Red hot chilli poppers

I bought some habanero chillies the other day. Here’s how you’re supposed to prepare them.

* Cut them open
* De-seed them
* Toast them
* Soak them in just-boiled water

Here’s how I prepared them.

* Cut them open
* De-seed them
* Watch with mild interest as clouds of smoke come from the chillies in the pan
* Stand in the kitchen, coughing like I’ve got late-stage tuberculosis
* Turn the cooker hood on full blast
* Career around the kitchen, coughing and weeping
* Blink away the tears as my wife enters, clutching her throat and panicking that she’s having some kind of horrific allergic reaction
* Open the back door in a desperate attempt to dispel the fumes
* Soak the chillies in just-boiled water
* Wonder if I’ll ever be able to speak again
* Eat!

There’s such a thin line between “making lunch” and “suffering a chemical attack”.

9 thoughts on “Red hot chilli poppers

  1. Squander Two says:

    Call me a phillistine, but I prefer Hellman’s to home-made.

    I do make my own ketchup, though. Fantastic, as long as you don’t mind your entire house stinking of vinegar for days.

  2. Heather says:

    The key ingredient is one cup (240ml) of oil. Pour out that much and think “that’s not really going doon my gub. Of course it isn’t.”

  3. tm says:

    I recall a Nick Nairn cooking program years ago where he had some Chilli oil and some other kind of oil next to the cooker and put the wrong one into the frying pan.

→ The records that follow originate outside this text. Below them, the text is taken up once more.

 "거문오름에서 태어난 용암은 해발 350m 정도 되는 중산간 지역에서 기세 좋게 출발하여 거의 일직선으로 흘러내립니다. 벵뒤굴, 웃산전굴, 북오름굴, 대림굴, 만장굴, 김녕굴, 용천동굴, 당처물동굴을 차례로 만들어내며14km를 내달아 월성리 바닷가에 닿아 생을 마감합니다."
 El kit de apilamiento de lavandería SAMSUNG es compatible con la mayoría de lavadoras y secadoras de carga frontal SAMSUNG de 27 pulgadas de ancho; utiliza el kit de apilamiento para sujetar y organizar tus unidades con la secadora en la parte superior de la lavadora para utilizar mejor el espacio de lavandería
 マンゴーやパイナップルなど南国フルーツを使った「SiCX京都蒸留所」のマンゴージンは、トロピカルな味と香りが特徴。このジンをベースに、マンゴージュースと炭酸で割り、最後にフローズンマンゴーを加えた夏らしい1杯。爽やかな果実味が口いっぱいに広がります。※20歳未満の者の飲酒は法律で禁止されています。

    The rest of the show consisted of them all peering into the kitchen from the back garden until he man’d up, re-entered with a wet towel over his head, and managed to switch the heat off. Then they just had to wait for an hour or so…

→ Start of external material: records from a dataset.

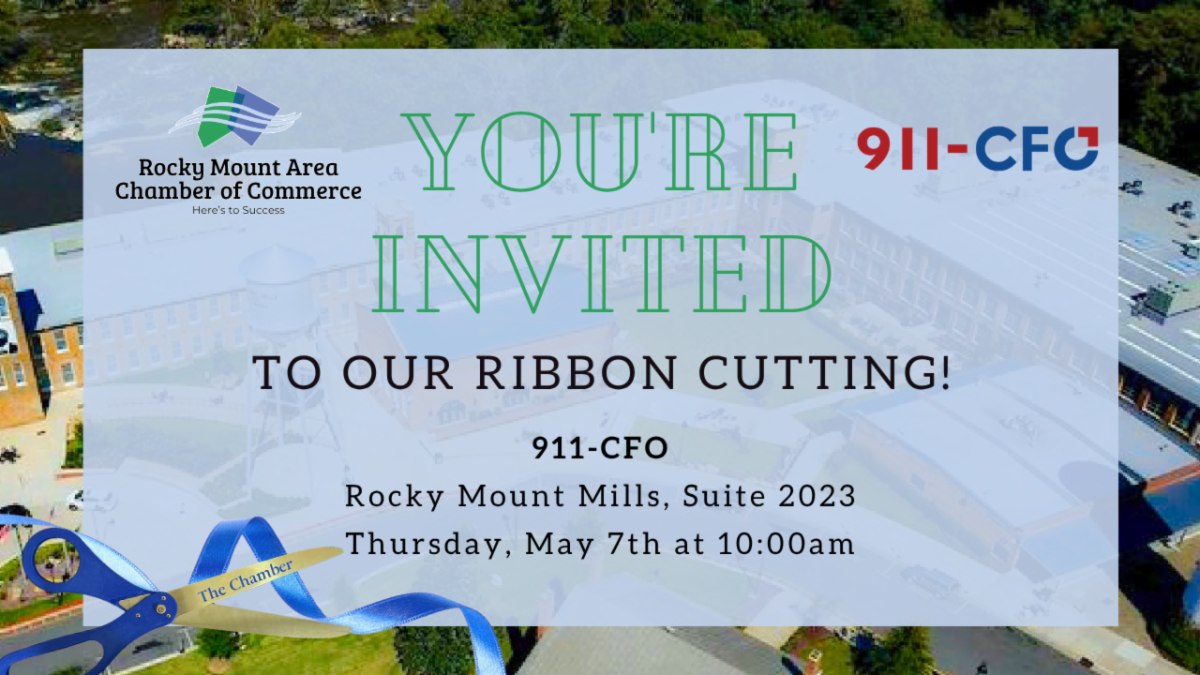 Join us for our ribbon cutting at 911-CFO on Thursday, May 7th at 10:00 AM at the Rocky Mount Mills!
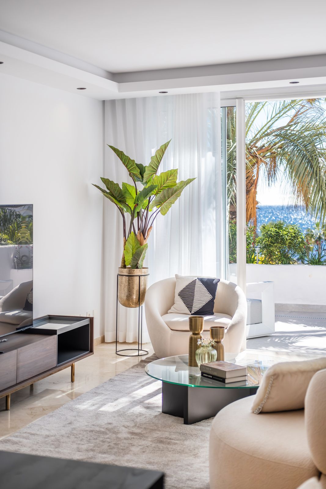 EXCLUSIVO Penthouse dúplex del sur con vistas al mar frontal en Ventura del Mar, uno de los desarrollos más prestigiosos frente al frente de la playa en Puerto Banus, Marbella. Ventura del Mar es uno de los desarrollos frente a la playa más prestigiosos y mejor ubicados en Marbella ... a tiro de piedra de Puerto Banús, pero muy tranquilo. El complejo de lujo ofrece seguridad y privacidad, jardines tropicales bien mantenidos y ajardinados con corrientes y estanques, una gran piscina al aire libre, un área y un área relajante con gimnasio, así como acceso directo al paseo marítimo y la playa. Apartamentos espaciosos y de lujo en un complejo de primer nivel junto al mar ... ¡un paseo de Puerto Banús y con todo lo que necesitas a tu mano! El complejo ofrece 24 horas de seguridad, famosos jardines tropicales ajardinados con arroyos y estanques, una gran área de piscina comunitaria, un gimnasio (sauna, baño de vapor, duchas) un juego y asientos, área relajante y área de oficina. Acceso directo al paseo marítimo y la playa. La propiedad ha sido amueblada a los más altos estándares, con una cocina de lujo totalmente equipada y de lujo con isla, que se conecta a una espaciosa sala de estar, frente a una terraza sur con vistas abiertas, con vistas a los jardines tropicales y al mar. Dos habitaciones en el piso principal con dormitorios de tamaño king, uno con baño de suite y acceso directo a la terraza sur con vistas panorámicas. Dormitorio principal de arriba con vestidor y en suite de baño grande. El dormitorio principal tiene acceso directo a dos amplias terrazas superiores. Una de las terrazas de South Top tiene un área de barbacoa y un área para tomar el sol con un jacuzzi de lujo. Las vistas desde aquí son impresionantes y con vistas a los jardines tropicales con características de agua y el mar. La otra terraza se enfrenta a la famosa montaña, La Concha. La propiedad cuenta con pisos de mármol y baldosas de baño, con calefacción de piso. También se beneficia de aire acondicionado (caliente y frío) en todo momento. Hay fibra óptica, Internet de banda ancha y Wifi en todo el apartamento con LED Smart TV 75¨. 2 espacios de estacionamiento subterráneos y almacenamiento incluidos subterráneos al lado del estacionamiento. *Lista de todos los muebles que se incluirán.
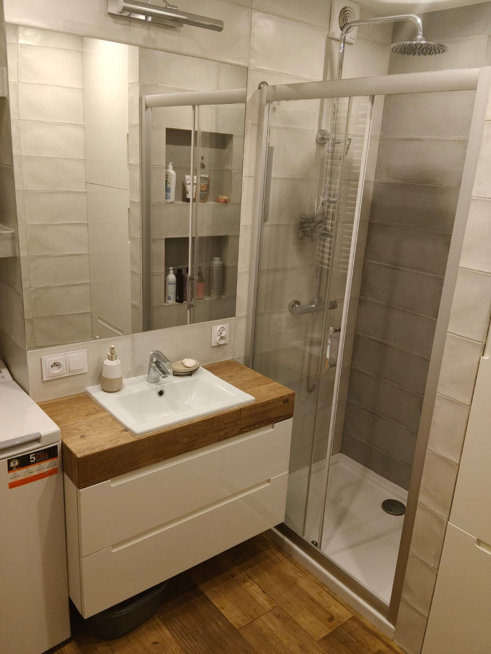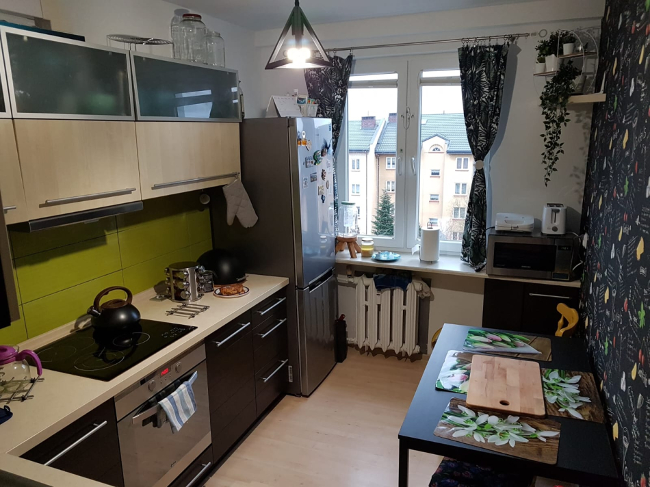 Układ: 2 pokoje, kuchnia, łazienka, osobne WC, duży przedpokój z dwiema szafami wnękowymi.
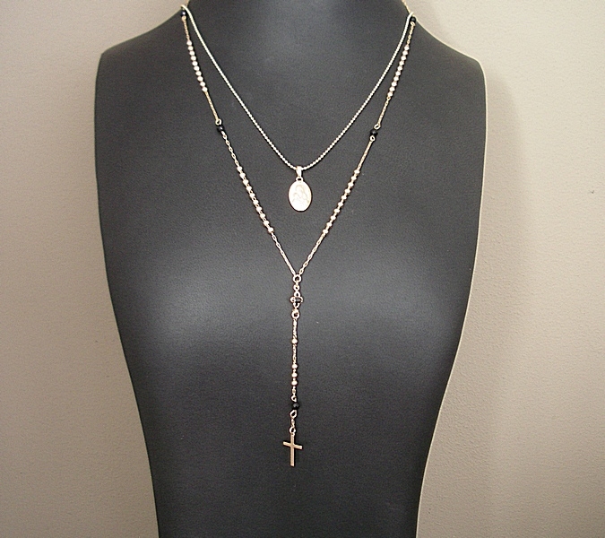 Naszyjnik wykonany z elementów metalowych pokrytych złotem. Całkowita długość naszyjnika 60cm. Biżuteria ozdobnie zapakowana.
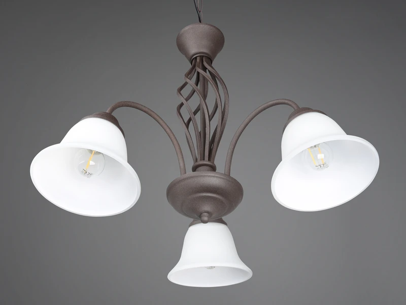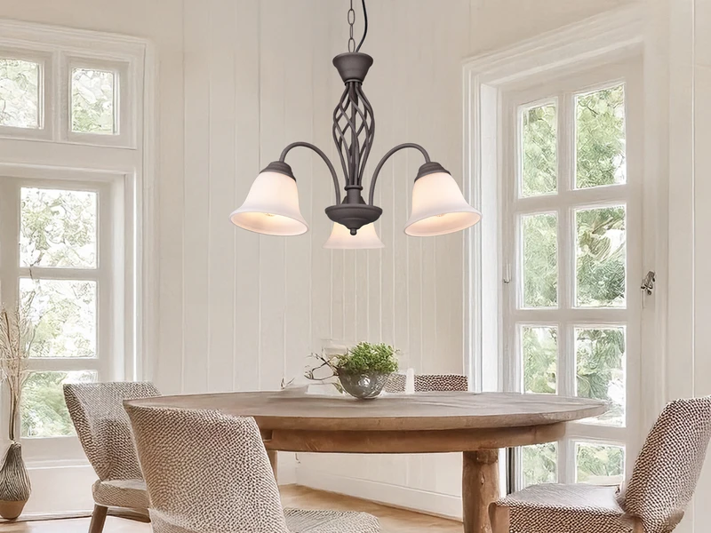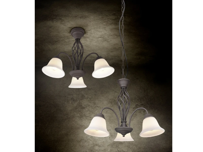 Rustikale Metallelemente treffen auf stilvoll geschwungene Glasschirme, die in Kombination ein besonderes Ambiente schaffen. Die angenehme Rostoptik unterstreicht das rustikale Design der Leuchte, die sich vorzugsweise in klassischen Einrichtungsstilen wiederfindet oder bei modernen Wohnkonzepten für einen spannenden Stilbruch sorgt.

    Come to think of it, it’s probably the only cooking show I can rememberer for longer than my stomach rumbling, so it wasn’t all bad.

  4. Heather says:

    I miss the little pepper spray keychain I had in the US (they are commonly sold there for female self-defence.) Nothing makes you feel safer when walking down a not-so-safe street by yourself than knowing you have the power of 2,000 raw chillies in your hand.

  5. Squander Two says:

    The Met actually send officers round to give talks to American students newly arrived at London universities to tell them pepper spray in particular and self-defense in general are illegal over here. They have plenty of time to do this due to the lack of crime in London.